Quando la polizia ha lanciato l’operazione Fenix, alcuni media hanno annunciato che la SRB (Rete di Cellule Rivoluzionarie) era stata dispersa. Ciononostante, i sabotaggi e gli attacchi incendiari sono continuati, il loro numero è aumentato. È presto diventato ovvio che sarebbe stato difficile associare gli accusati a queste azioni, così la polizia ha incominciato ad “investigare”.

Si sono concentrati sugli interrogatori, sulle analisi del materiale sequestrato durante le perquisizioni ed anche sulle filature dei compas. Fra questi vi era pure l’anarchico Lukáš Borl, che ha deciso di entrare in clandestinità alla fine dell’estate, a causa delle vessazioni da parte della polizia ai suoi danni ed ai danni dei suoi cari. Nell’inverno 2016, la polizia ha spiccato un mandato di cattura contro Lukáš, descritto come armato e pericoloso. A partire da quel momento, possiamo parlare dell’inizio dell’operazione Fenix II.

Il 4 ottobre, Lukáš è stato arrestato a Most dal poliziotto Zdeněk Prošek. Questi gli ha letto i capi d’imputazione, di cui Lukáš era stato accusato molti mesi prima, in sua assenza. Lukáš ha scoperto solo in quel momento di cosa si trattava.

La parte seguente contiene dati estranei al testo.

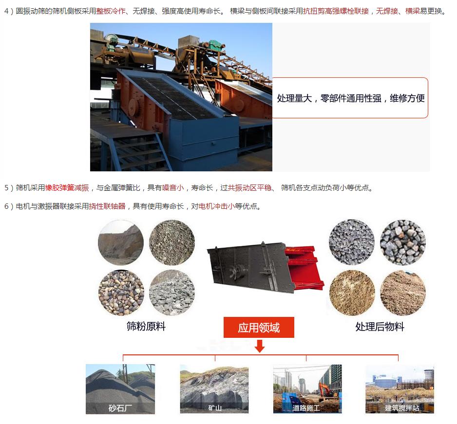 5.采用小振幅,高頻率,大傾角結(jié)構(gòu),使該機篩分效率高、處理棒。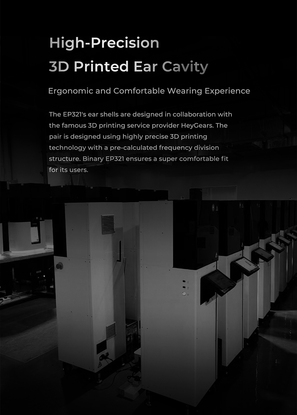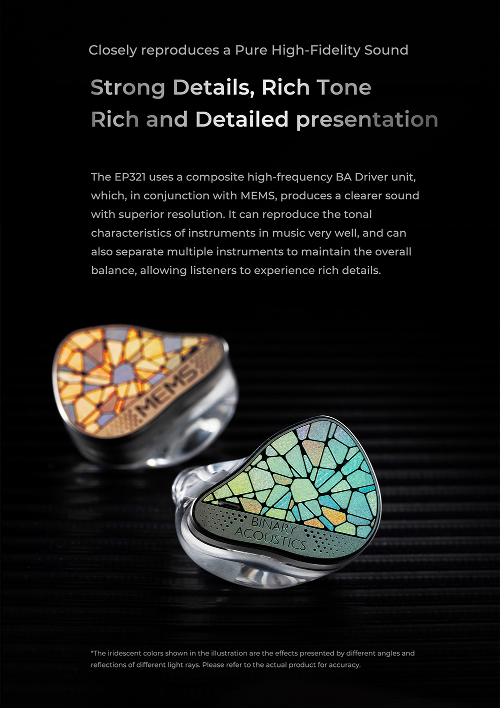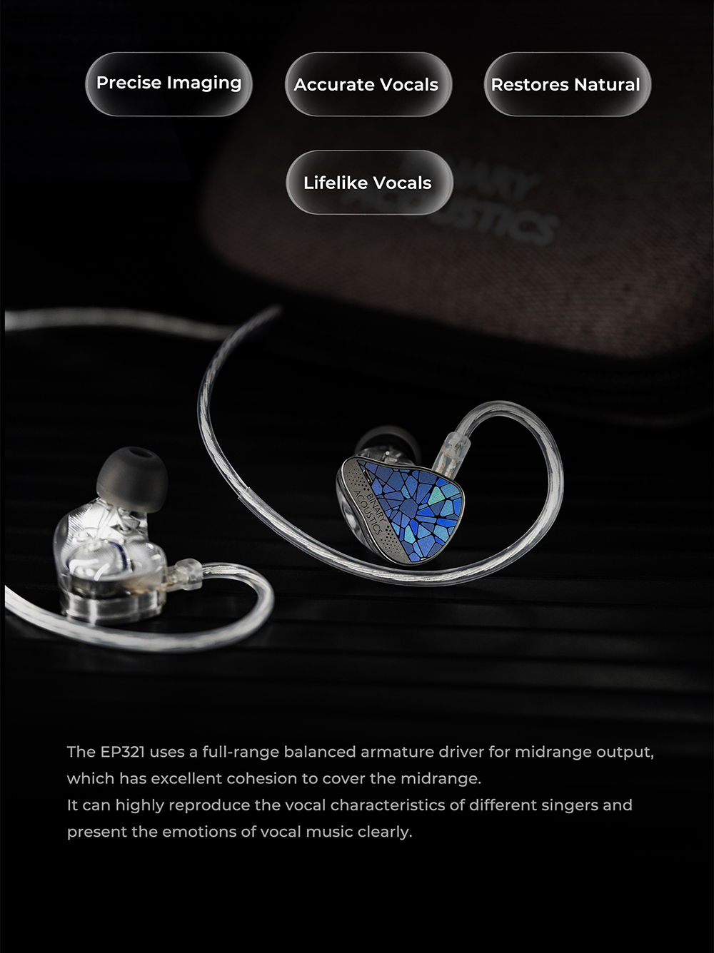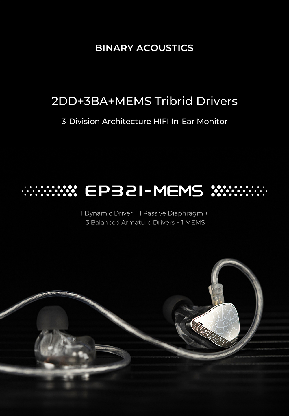 Binary EP321 為全球首款導入 Direct Drive MEMS 直驅技術的入耳式耳機,透過創新的聲學架構,將動圈、動鐵與 MEMS 單元整合於同一系統中,打造出前所未有的高解析聲音體驗。型號名稱「321」正代表其驅動配置:3 顆平衡電樞單元、2 顆動態單元與 1 顆 MEMS 單元,透過精密分頻與調校,達成高度一致且流暢的聲音銜接。

Lukáš era stato accusato della “creazione, sostegno e propaganda di un movimento tendente alla soppressione dei diritti e delle libertà pubbliche”. Secondo la polizia, era all’origine della Rete di Cellule Rivoluzionarie (SRB), aveva partecipato ad alcune sue azioni, scritto alcuni dei comunicati della SRB e li aveva pubblicati tutti sul sito internet Asociaice Alerta. Gli inquirenti sostengono inoltre che sarebbe responsabile di quattro distruzioni di proprietà privata. In due casi si tratta di incendi di macchine della polizia. In un caso si tratta si un attacco incendiario contro l’entrata di un negozio. L’ultimo è una scritta su un muro della prigione Ruzyně, a Praga. Per finire, la polizia sostiene che ha ricattato il proprietario del ristorante Řízkárna, conosciuto per non pagare i suoi dipendenti. Più tardi, hanno a Asociaice Alerta aggiunto l’accusa di falsificazione di documenti. In particolare di una carta d’identità polacca, che Lukáš aveva con sé al momento dell’arresto.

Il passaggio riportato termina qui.